● Problem to solve:
Repeat the data that follows exactly, starting at the line with "На ровную горизонтальную" and ending at the line with "Get away from", and leave out every picture.

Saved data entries
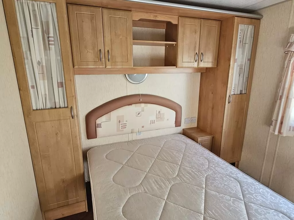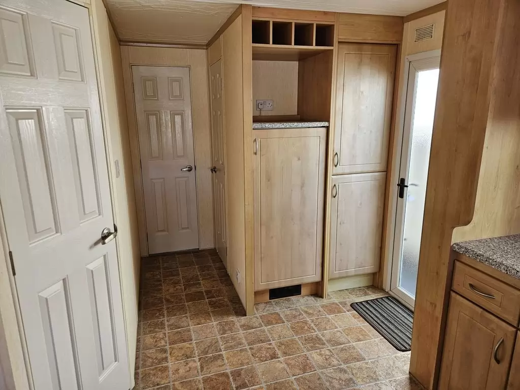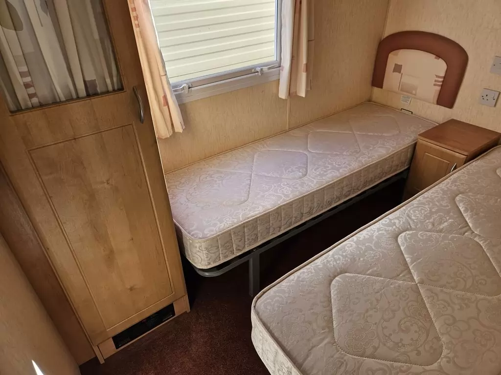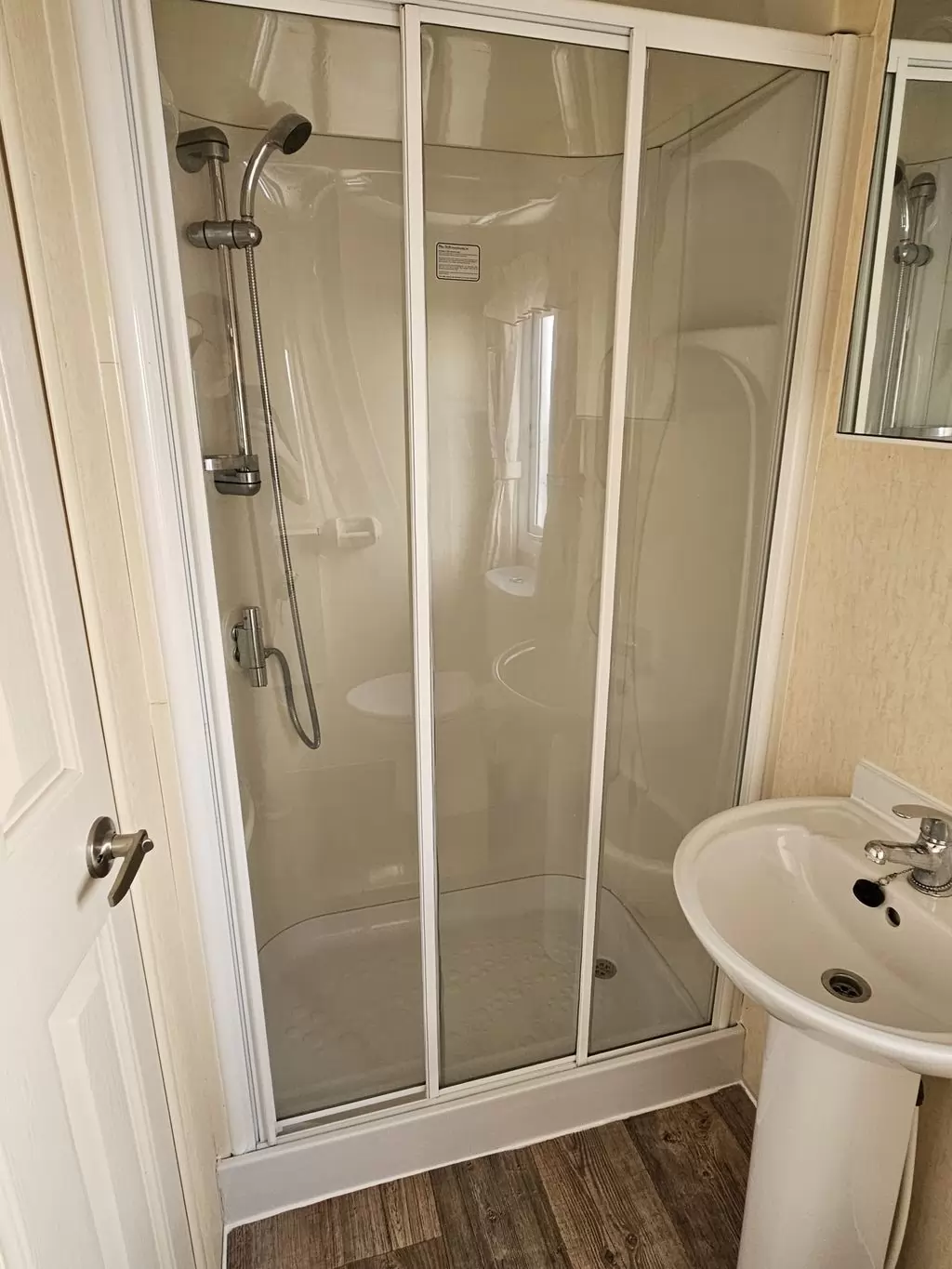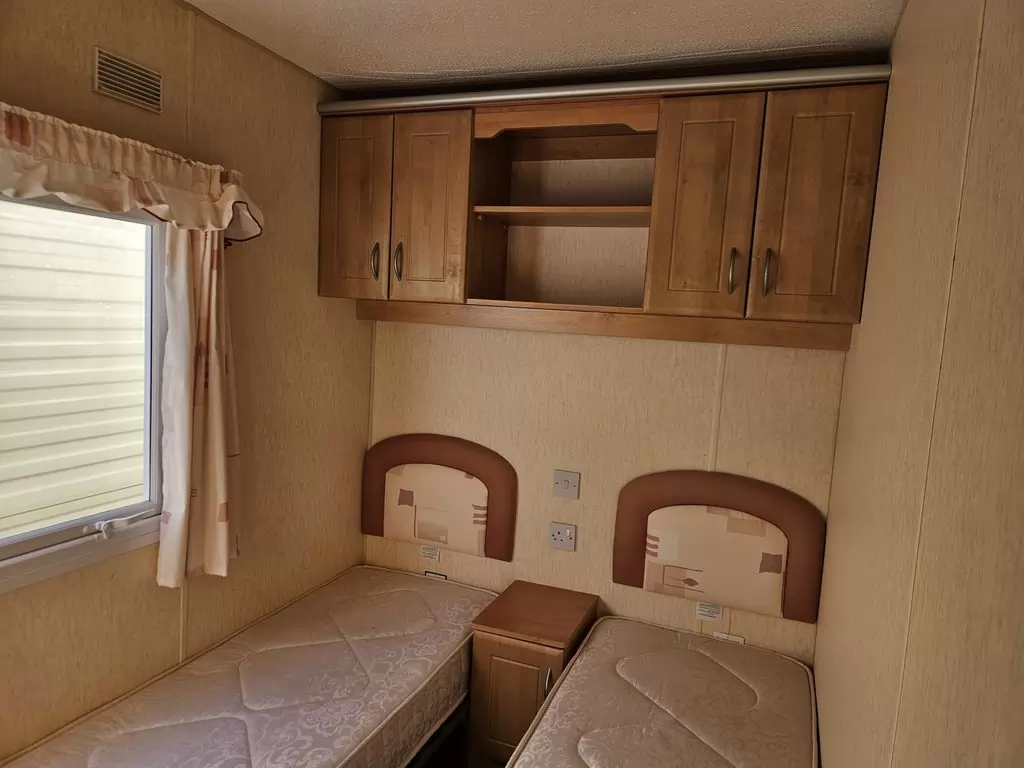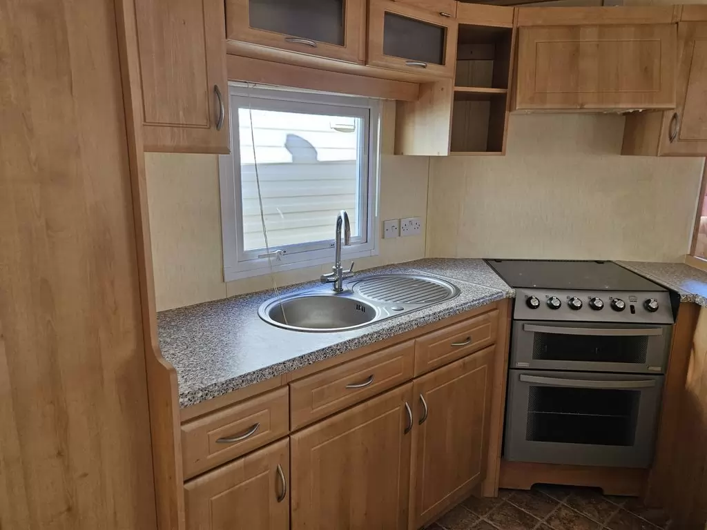 Extra široký, krásný, čistý, kompletně vybavený mobilheim 11 x 3,7m se dvěma vchody , SEDLOVOU STŘECHOU s IMITACÍ STŘEŠNÍCH TAŠEK, DVOJITÝMI (izolačními) OKNY - dithermy. Prostorný obývací pokoj ( rozkládací sedačka ), jídelní kout, kuchyň ve tvaru U včetně spotřebičů, ložnice ( dvoulůžko ) se šatnou, pokoj ( 2 lůžka ), koupelna se sprchovým koutem s pevnou zástěnou a termostatickou baterií + wc. Plynový krb + el. vytápění v pokojích, plynová karma na ohřev vody. Zvýšený strop v celém mobilheimu !! Mobilheim má pomačkanou tapetu na stropě.
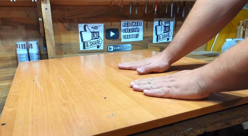 На ровную горизонтальную поверхность укладываем мебельный щит.
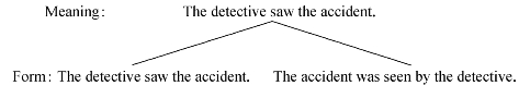 In structural terms,the two sentences above are totally unrelated.The subject noun of the active sentence is dentist,while the subject noun of the passive is accident.The verb of the active sentence is see in the past tense.The verb of the passive sentence is was plus see in the past participle form.The object of the active sentence is accident,while in the passive sentence it is dentist.Despite these obvious differences,every speaker of English knows that in a very profound sense these two sentences are basically the same.Furthermore,we all know that the passive is a kind of alternative version of the active,and not the other way around.Paraphrase relations are a second way in which our knowledge of the language cannot be accounted for in terms of lexical meanings of words and structural signals.
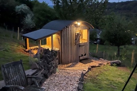 Get away from it all in a cosy shepherd’s hut amongst trees in a beautiful rural location. Tom's Hut has a comfortable double bed, storage below and a compact kitchen unit with double gas hob, sink and fridge, pots, pans crockery and cutlery. Keep warm with a wood-burner and fire wood provided, or underfloor heating. Outside, there is a table for al-fresco dining. A newly built, heated shower room is close to the hut. Just 3 miles from Newent and various pubs. Please note there is no WiFi.
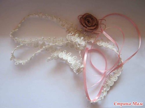 Было: тесьма х\б эластичная, какая-то розочка и кусочек розовой атласной ленты)
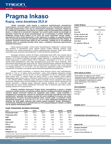 2011-11-23 Pragma Inkaso Kupuj, cena docelowa 25,9 zł Spółka umacniając swoją pozycję w segmencie pozabankowych wierzytelności korporacyjnych, nie bierze udziału w walce konkurencyjnej na rynku wierzytelności masowych, jaką można zaobserwować w tym roku po zakończonych przetargach i licytacjach. Wydaje się, że w niektórych przypadkach ceny płacone za portfele mogą nie zrekompensować wyższej ich jakości, co odbije się na rentowności inwestycji. Tym samym spółka rozwija się równolegle nie stanowiąc konkurencji dla graczy specjalizujących się w inwestycjach w portfele detaliczne. Dodatkowo istotną barierą wejścia na ten rynek dla innych podmiotów stanowi wiedza i doświadczenie jakim należy dysponować w tym segmencie ze względu na specyfikę dłużnika, który nie generuje jednorodnych wierzytelności tylko bardziej skomplikowaną klasę długów. W rezultacie otoczenie konkurencyjne spółki nie jest rozwinięte i składają się na nie pojedyncze podmioty, które nie posiadają szerokiej oferty usług, a dodatkowo dysponują ograniczonymi zasobami finansowymi. Oprócz typowej dla spółek z branży obrotu wierzytelnościami działalności w zakresie inkasa oraz inwestycji w wierzytelności grupa, głównie poprzez Pragmę Faktoring, świadczy usługi faktoringowe oraz udziela finansowania w postaci zabezpieczonych pożyczek. Dzięki czemu źródła przychodów grupy są bardziej zdywersyfikowane, a oferta dla klientów kompleksowa. DANE SPÓŁKI Ticker PRI Sektor Usługi finansowe 17,0 Kurs (zł) 52 tyg. min/max (zł) 14,66 / 26 Liczba akcji (m szt.) 3,0 63 Kapitalizacja (m zł) 19% Free float 0,7 Śr. wolumen 1M (k zł) PRI 30,00 25,00 Rosnąca wartość kontraktacji, w strukturze której dominuje pozysk umów faktoringowych, wpłynęła w 3 kw. br. na dalszy wzrost przychodów i zysku, które osiągnęły odpowiednio wartość 8,2 mln zł (narastająco 14,5 mln zł) oraz 1,8 mln zł (narastająco 5,0 mln zł). Jednocześnie portfel spółki szybko rotuje i w dalszym ciągu jest bardzo zdrowy, o czym świadczy poziom odpisów aktualizujących jego wartość, które w omawianym kwartale wyniosły 0,2 mln zł (narastająco 0,4 mln zł), tj. 0,2% wartości portfela. Dodatkowo grupa powinna odczuwać zarówno pozytywny efekt dźwigni operacyjnej, realizując dalszy wzrost kontraktacji w oparciu o obecny poziom struktur operacyjnych, jak również skorzystać z większej dźwigni finansowej (obecnie kształtuje się na poziomie 0,8x), powiększając tym samym portfel wierzytelności oraz wyniki, które na poziomie zysku netto w 2012r. implikują wskaźnik P/ E na poziomie 6,6x. Projekcję rezultatów finansowych Pragmy Inkaso sporządziliśmy w oparciu o przyjęty scenariusz rozwoju struktury produktowej portfela aktywów, projekcję kontraktacji bazującej na poziomie dźwigni finansowej możliwej do osiągnięcia przez spółkę i rotacji produktów z uwzględnieniem wymaganego poziomu ich rentowności mierzonego stopą IRR dla umów kupna wierzytelności i pożyczek oraz poziomu prowizji dla umów windykacji na zlecenie oraz umów faktoringowych. W wyniku tak przeprowadzonej analizy, wartość spółki, na podstawie metody dochodowej szacujemy na 114,4 mln zł, tj. 31,1 zł za 1 akcję. Ostateczna 9-miesięczna cena docelowa dla akcji spółki wyliczona jako średnia ważona odczytów metody dochodowej i porównawczej, kształtuje się na poziomie 25,9 zł, tj. 53% powyżej bieżących notowań, co skłania nas do wydania rekomendacji KUPUJ. 20,00 15,00 m zł Przychody brutto¹ 2009 88,0 2010 124,2 2011P 324,7 2012P 469,0 2013P 562,5 2014P 661,2 Przychody netto¹ 12,4 16,0 29,8 39,6 46,3 52,1 EBIT 5,3 6,0 12,2 19,0 22,7 26,8 EBITDA 5,5 6,6 13,2 20,0 23,9 28,0 AKCJONARIAT 25,1 9,5 8,1 PZU AM WAŻNE DATY POPRZEDNIE REKOMENDACJE - 4,2 6,6 9,5 10,9 12,7 9,4 6,6 5,7 4,9 ANALITYK EV/EBITDA (x) 11,8 7,5 9,0 7,1 6,6 6,2 Grzegorz Kujawski 27,8% 21,3% 18,7% 19,1% 19,4% 20,2% - - 1,2 1,5 1,6 1,7 ² dla akcjonariuszy jednostki dominującej (spółka kontroluje 79,4% akcji Pragmy Faktoring) Informacje dotyczące dokumentu oraz zastrzeżenia prawne znajdują się w ostatniej części dokumentu. 22-11-11 51,0 29,4 11,1 Źródło: spółka, P - prognozy Trigon DM 22-9-11 42,5 DI Magnus 3,8 ¹ przychody brutto to wpływy, które pomniejszone o kwoty należne m.in. wierzycielom pierwotnym stanowią przychody netto 22-10-11 22-8-11 22-7-11 % kap. % głos. Pragma Finanse 10,6 Dźwignia fin. (x) 22-6-11 Grupa działa na krajowym rynku obrotu wierzytelnościami B2B oferując usługi inkasa i windykację nabytych wierzytelności oraz na rynku zarządzania należnościami poprzez usługi faktoringowe oraz udzielanie finansowania. P/E (x) ROE (%) 22-5-11 OPIS DZIAŁALNOŚCI - DANE FINANSOWE (SKONSOLIDOWANE) Zysk netto² 22-4-11 22-3-11 22-2-11 22-1-11 22-12-10 10,00 22-11-10 Sprzyjające otoczenie rynkowe dla Pragmy potwierdzają raporty KRD, który szacuje obecną wartość wymagalnych zobowiązań konsumentów i przedsiębiorstw na 100 mld zł. Badania instytucji pokazują, że w ostatnich kwartałach przyrasta odsetek należności w przedsiębiorstwach, które nie zostały uregulowane w terminie (średnio 25,3% należności). Jednocześnie w 3 kw. br. do 18,6% wzrosła liczba przedsiębiorstw, które mają nieuregulowanych ponad 50% swoich należności. Choć jednocześnie optymistyczny jest wzrost liczby firm, których przeterminowanie należności nie przekracza 3 m-cy oraz spadek wskaźnika średniego okresu przeterminowania należności, który wynosi obecnie 4,0 miesiące (poprawa o 9 dni kw./kw.), nie jest wykluczone pogorszenie struktury wymagalnych wierzytelności w przyszłości w przypadku spadku aktywności gospodarczej przedsiębiorstw. (48 22) 433-83-69 [email protected] Pragma Inkaso Wycena Wycena DCF Wartość Pragmy Inkaso na podstawie metody dochodowej szacujemy na 114,4 mln zł, tj. 31,1 zł za jedną akcję. Model DCF został sporządzony przy zachowaniu p
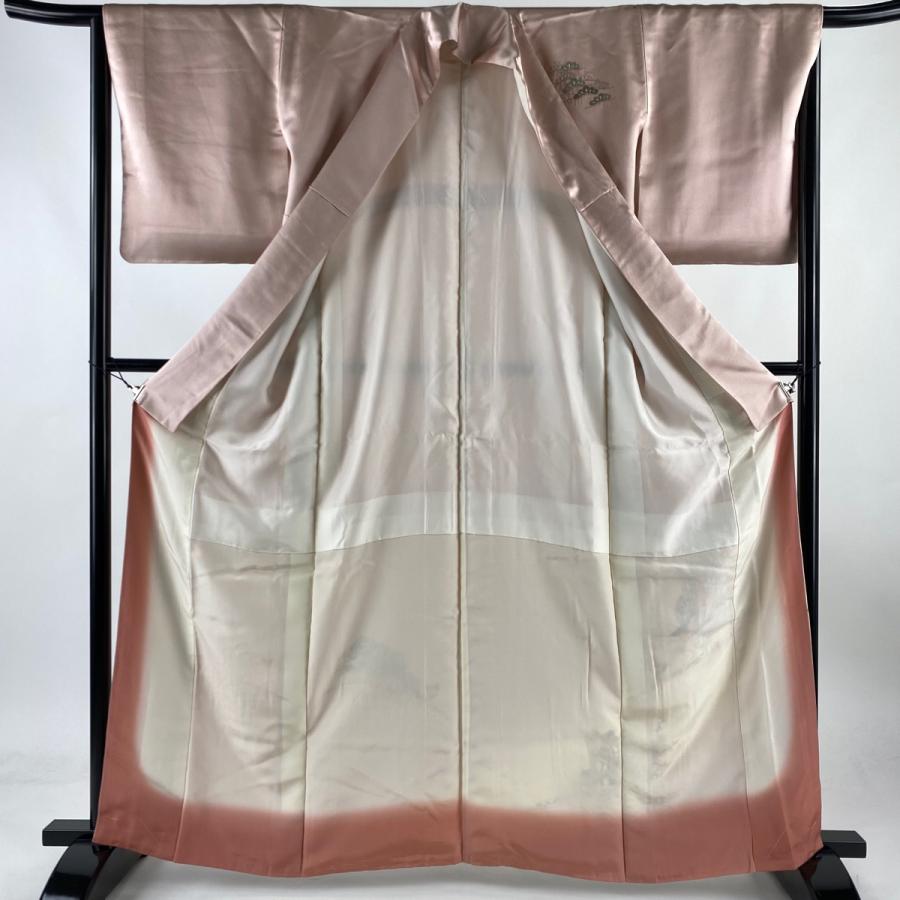付下げ 身丈162cm 裄丈64.5cm M 袷 御所車 松梅 刺繍 金糸 ピンク 正絹 美品 秀品 中古
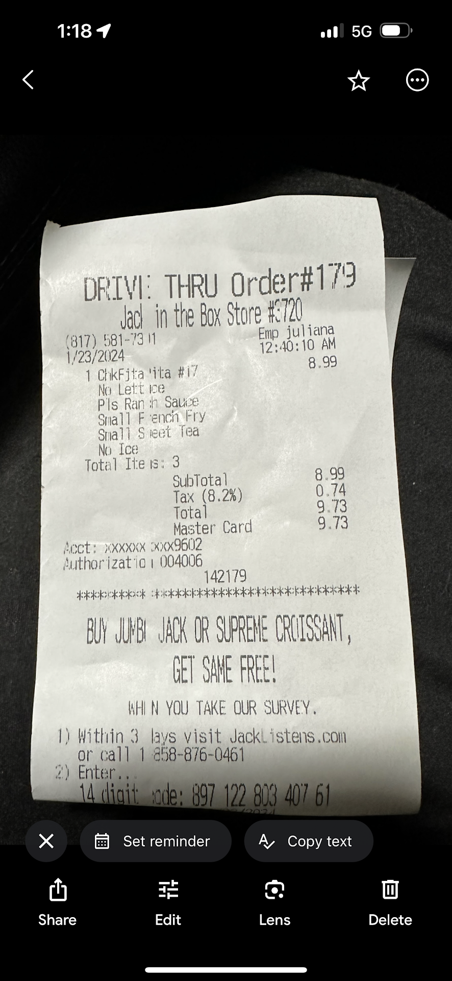 Read moreI wonder how many of these one star reviews are from first time customers? My degree is in Hospitality Management. I understand that everyone expects a certain level of service from a fast food joint. What I don't understand is people who leave a bad review on one visit and probably blow things out of proportion. I'm not calling anyone out and I know I probably shouldn't put this in my review but Jack in the Box is a fast food burger restaurant It is not a five-star dining experience and was never intended to be. Every time I go to this Jack in the Box... The service is impeccable. The staff is very friendly and the restaurant is always clean. There have been a few times where something was forgotten or I didn't enjoy what I ordered and I don't take that out on the staff. I wish I could review it a hundred times to get your review total backup to three and a half or four stars or whatever because I think that most of these reviews are unfair. Now for my actual review for today.

● Solution for this exercise:
 На ровную горизонтальную поверхность укладываем мебельный щит.
 In structural terms,the two sentences above are totally unrelated.The subject noun of the active sentence is dentist,while the subject noun of the passive is accident.The verb of the active sentence is see in the past tense.The verb of the passive sentence is was plus see in the past participle form.The object of the active sentence is accident,while in the passive sentence it is dentist.Despite these obvious differences,every speaker of English knows that in a very profound sense these two sentences are basically the same.Furthermore,we all know that the passive is a kind of alternative version of the active,and not the other way around.Paraphrase relations are a second way in which our knowledge of the language cannot be accounted for in terms of lexical meanings of words and structural signals.
 Get away from it all in a cosy shepherd’s hut amongst trees in a beautiful rural location. Tom's Hut has a comfortable double bed, storage below and a compact kitchen unit with double gas hob, sink and fridge, pots, pans crockery and cutlery. Keep warm with a wood-burner and fire wood provided, or underfloor heating. Outside, there is a table for al-fresco dining. A newly built, heated shower room is close to the hut. Just 3 miles from Newent and various pubs. Please note there is no WiFi.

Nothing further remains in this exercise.